A team led by the Southwest Research Institute (SwRI) has created a model of the early impacts on Venus to explain how Earth's sister planet maintained a young surface despite not having plate tectonics.

A new model of the early impacts on Venus explains how Earth's sister planet maintained a young surface despite not having plate tectonics. Credit: Southwest Research Institute
A new model of the early impacts on Venus explains how Earth's sister planet maintained a young surface despite not having plate tectonics. Credit: Southwest Research Institute

A team led by the Southwest Research Institute (SwRI) has created a model of the early impacts on Venus to explain how Earth's sister planet maintained a young surface despite not having plate tectonics. By comparing the early collision history of Earth and Venus, they believe that Venus received more high-speed, high-energy impacts. These impacts caused a very hot core to form, which created prolonged volcanism and altered the surface of the planet.

"One of the mysteries of the inner solar system is that, despite their similar size and volumetric density, Earth and Venus behave in a strikingly different way, which particularly affects the processes that drive materials on the planet," said Dr. Simona Marki, lead author of a new paper on these findings in Nature Astronomy.


The Earth's moving plates are constantly changing its surface as blocks of crust collide and form mountain ranges, and in some places volcanoes. Venus has more volcanoes than any other planet in the solar system but its surface is just one continuous slab. More than 80,000 volcanoes – 60 times more than Earth – played an important role in renewing the face of the planet through floods of lava, which may continue to this day. Previous simulations had difficulty creating scenarios that support such a level of volcanism.

"Our latest models show that multi-year volcanism caused by early energetic collisions on Venus provides a compelling explanation for the young age of the surface," said Yale University co-author Professor Ion Korenga. "This enormous volcanic activity is fed by a very hot core, which causes intense internal melting."

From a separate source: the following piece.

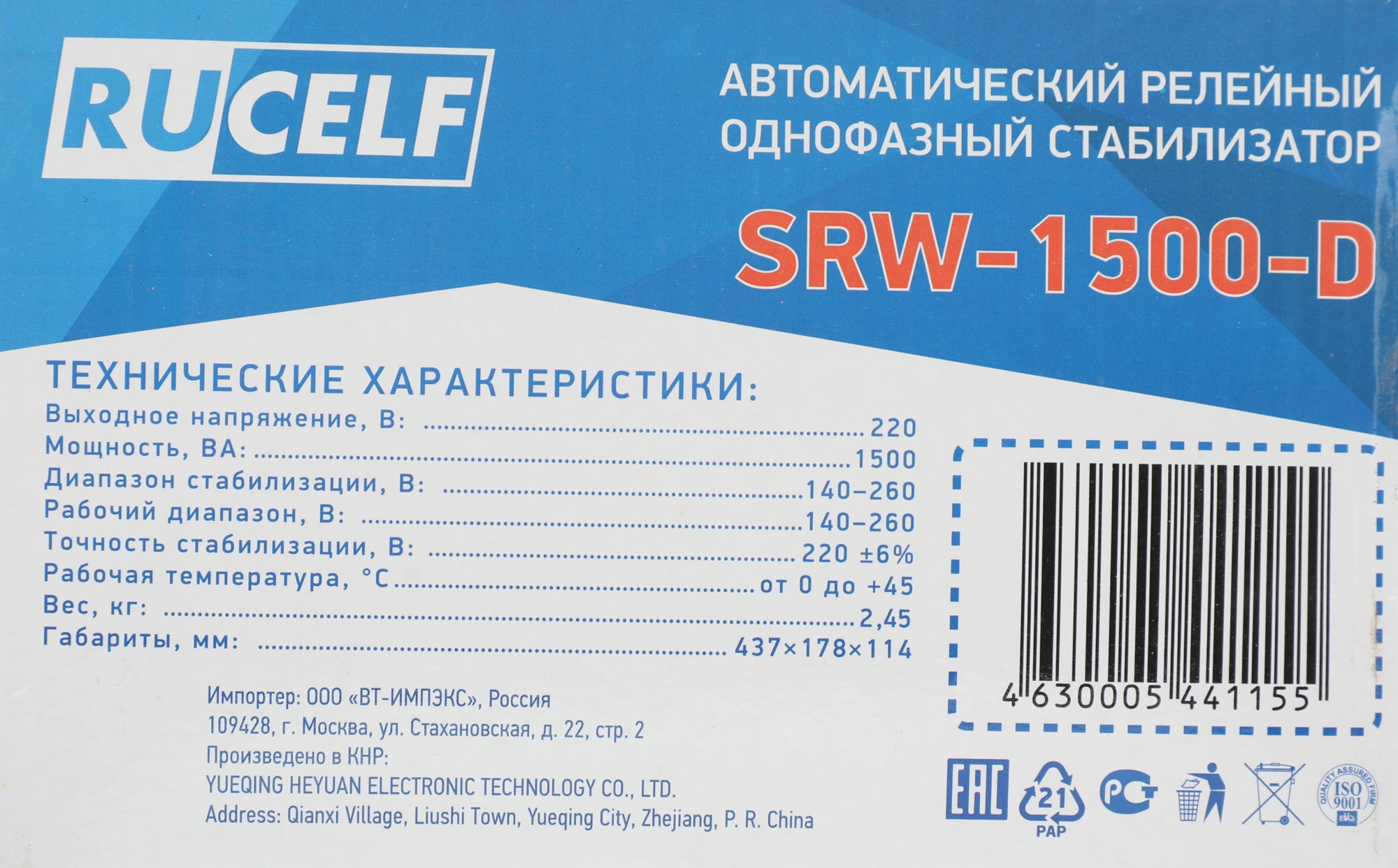 Стабилизатор напряжения Rucelf SRW-1500-D 1.5кВА однофазный белый

This high-resolution computer simulation (one million particles) shows a body with a diameter of 3,000 km hitting Venus head-on at a speed of 30 km per second. On the left side, the colors indicate different materials: brown - the core of Venus, white - the core of the body and green - the silicate shell of both objects. The colors on the right indicate the temperature of the materials.
Credit: Southwest Research Institute

Earth and Venus were formed in the same neighborhood of the solar system when solid materials collided with each other and gradually coalesced to form the two rocky planets. The slight difference between the planets' distances from the Sun changed their vulnerability history, especially the number and outcome of these events. The reason for this difference is that Venus is closer to the Sun and moves faster around it, and this adds energy to the impact conditions. In addition, in the wake of the collisional growth, colliding objects originating from beyond the Earth's orbit are usually dominant and need higher levels of orbital eccentricity to collide with Venus compared to a collision with Israel, therefore the impacts are stronger.

If the impacts on Venus were at a much higher velocity than on Earth, several large impacts could have had drastically different results, with important implications for subsequent geophysical evolution. This multidisciplinary team combined expertise in modeling large-scale collisions and geodynamic processes to assess the impact of these collisions on the long-term evolution of Venus.

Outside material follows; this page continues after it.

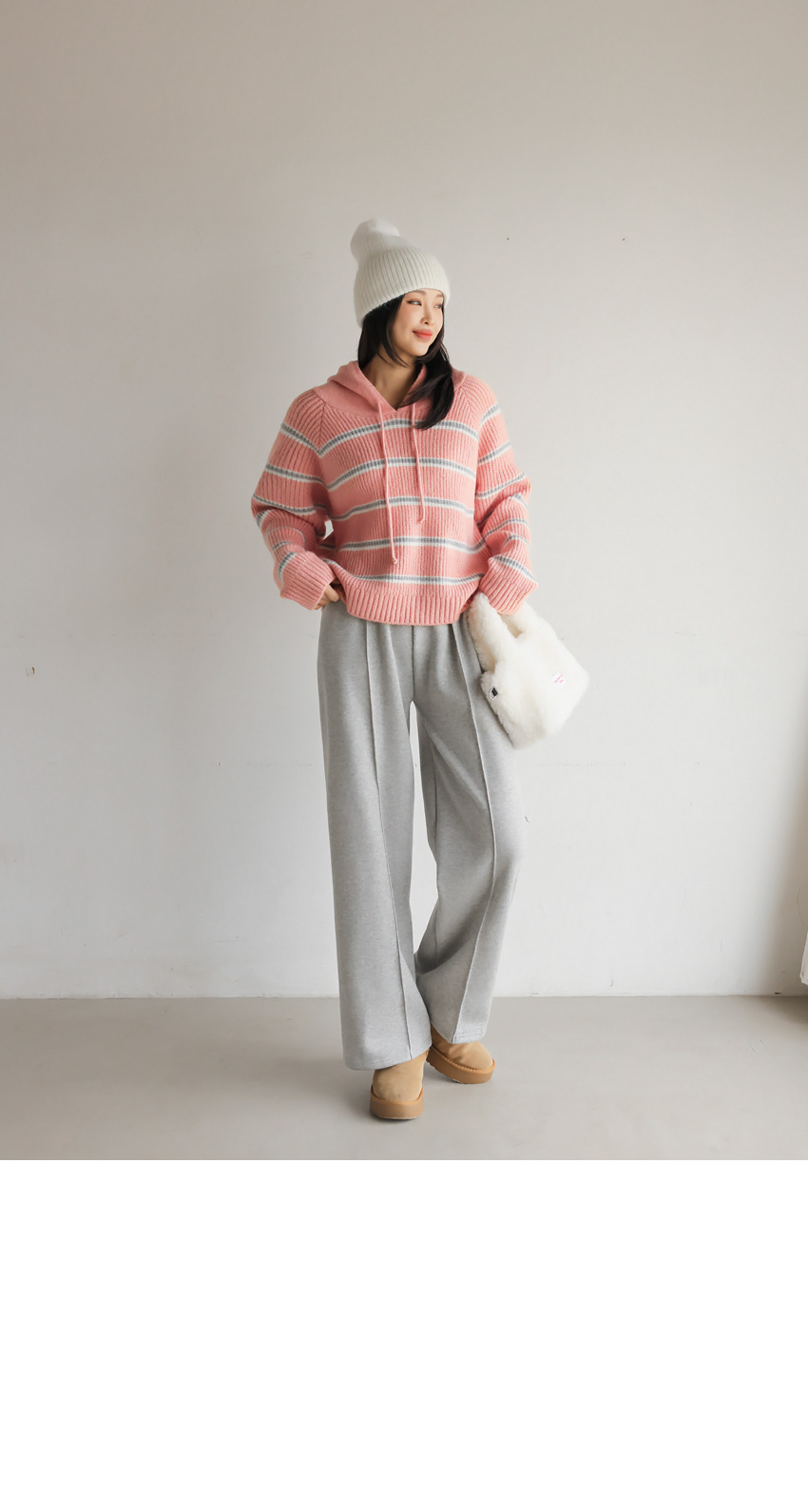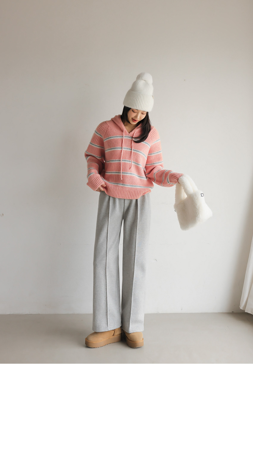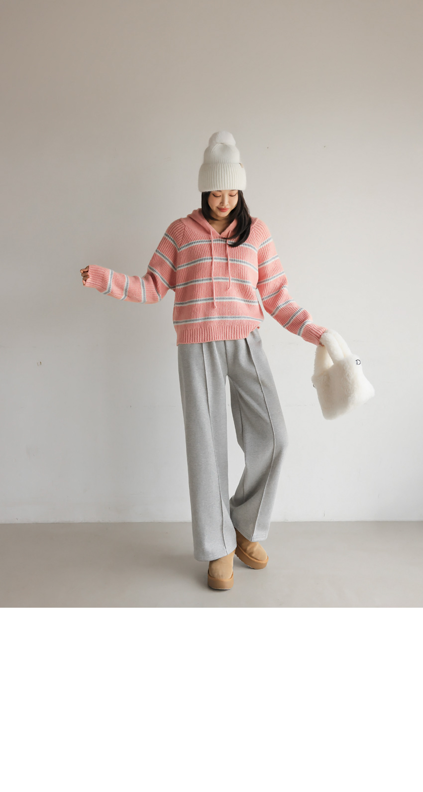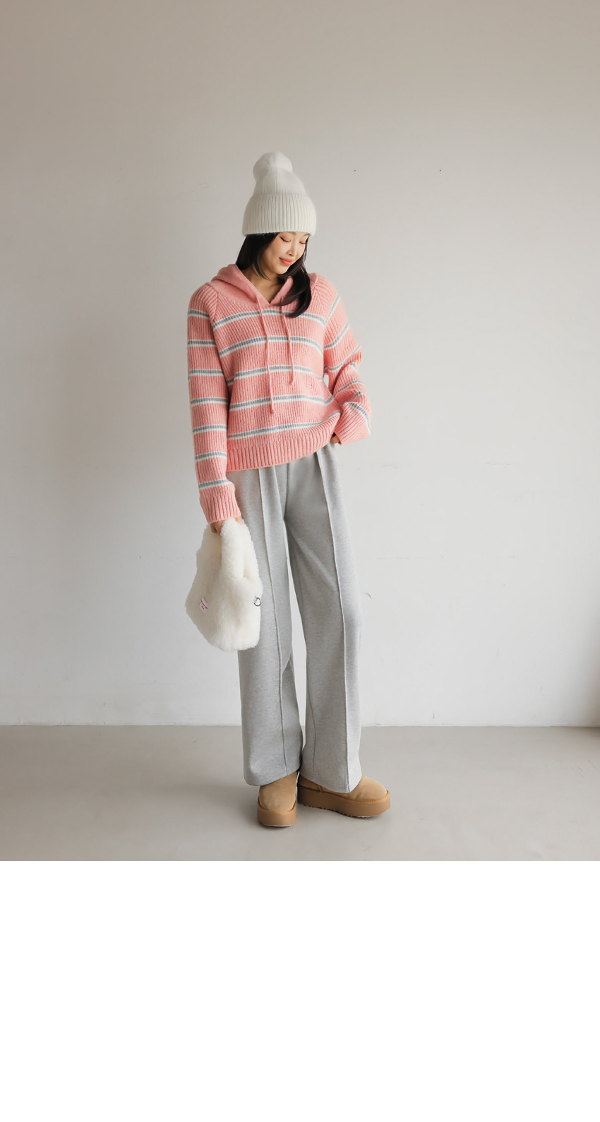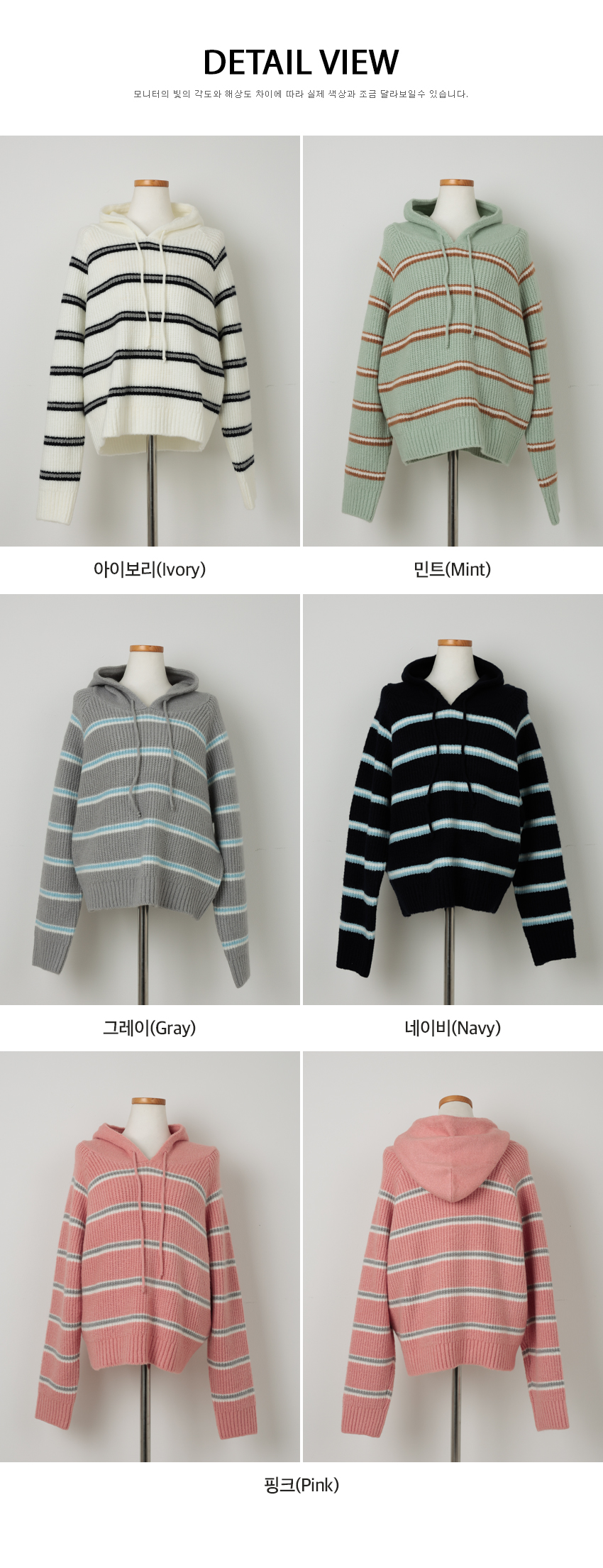 韓國製橫間針織Hoodie(白/粉紅/灰/綠/深藍)

for the scientific article

More of the topic in Hayadan:

2 תגובות

  1. It wouldn't take much for the earth to reach the state of Venus, if the earth had a slow rotation around its axis and no moon, there would be no life and the temperature would reach the order of magnitude of Venus, in our time man does everything, literally everything, to bring the earth to the state of Venus, An advanced technological society consumes tremendous energy that is fossilized in the earth, and destroys itself. It is possible that alien civilizations destroyed themselves due to increased consumption of energy from the planet, and therefore there are not many alien civilizations.